How frequent data collection of time and travel costs should be was explored as a part of the NIHR (National Institute for Health Research) funded Transition Programme. This programme of work was used because it focused on the movement of young adults with chronic health needs as they moved from child to adult services. All the participants had one of three chronic conditions (autism spectrum disorder with an additional mental health need, cerebral palsy or diabetes). For many of the young people, how and how much health care they accessed changed over time as their level of independence changed. The three conditions were chosen as chronic illnesses as they were expected to exhibit different patterns of care. For example, diabetes is prone to deteriorate during the adolescent years, although there are well organised child and adult services [8]. Cerebral palsy is associated with symptoms that interfere with daily living such as pain, spasticity or seizures. Management of cerebral palsy requires multidisciplinary co-ordination, provided in childhood but rarely in adulthood [9]. Likewise, whilst services are available during childhood for those with autism spectrum disorder, adult services are rarely available [10]. Thus, whilst the frequency of use of services may vary over time, it is possible that the costs of accessing care will differ as well. The aim of this study was to explore the differences in these time and travel costs between the data collection points, and thus to provide an insight of whether such costs should be collected more than once.

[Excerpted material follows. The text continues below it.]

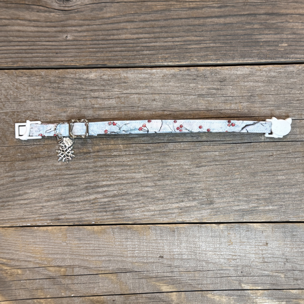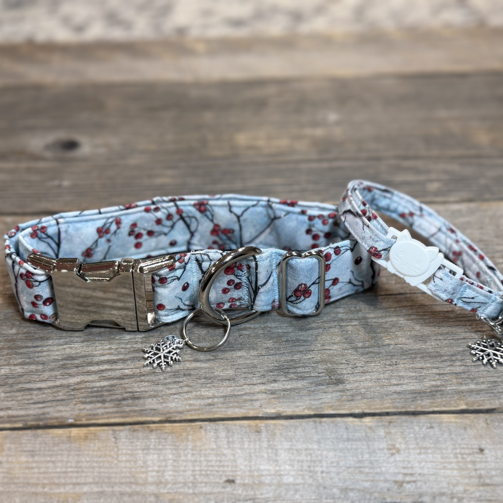 Embrace the serene elegance of the season with the Winterberry Bliss. This exquisite piece captures the quiet beauty of a winter's day, featuring delicate branches laced with bright red berries against a soft, frosty blue background that evokes the magic of freshly fallen snow. The intricate design brings to life the peaceful stillness of a winter landscape, making it the perfect accessory for pets who appreciate a touch of sophistication. Winterberry Bliss is a timeless blend of beauty and tranquility, adding a gentle, festive charm to any holiday gathering or wintry walk.

Brief description of case study

At any given time in the UK, approximately 156,000 young people undergo transition from paediatric to adult services (i.e. 700 per NHS trust × 223 trusts in the UK) [8, 11]. The Transition Research Programme sought to establish how successful transition; defined as “the purposeful, planned process that addresses the medical, psychosocial, educational, and vocational needs of adolescents and young adults with chronic medical and physical conditions as they move from child-centred to adult-oriented health care systems” ( [8] , p.1) - can be facilitated to improve health and social outcomes.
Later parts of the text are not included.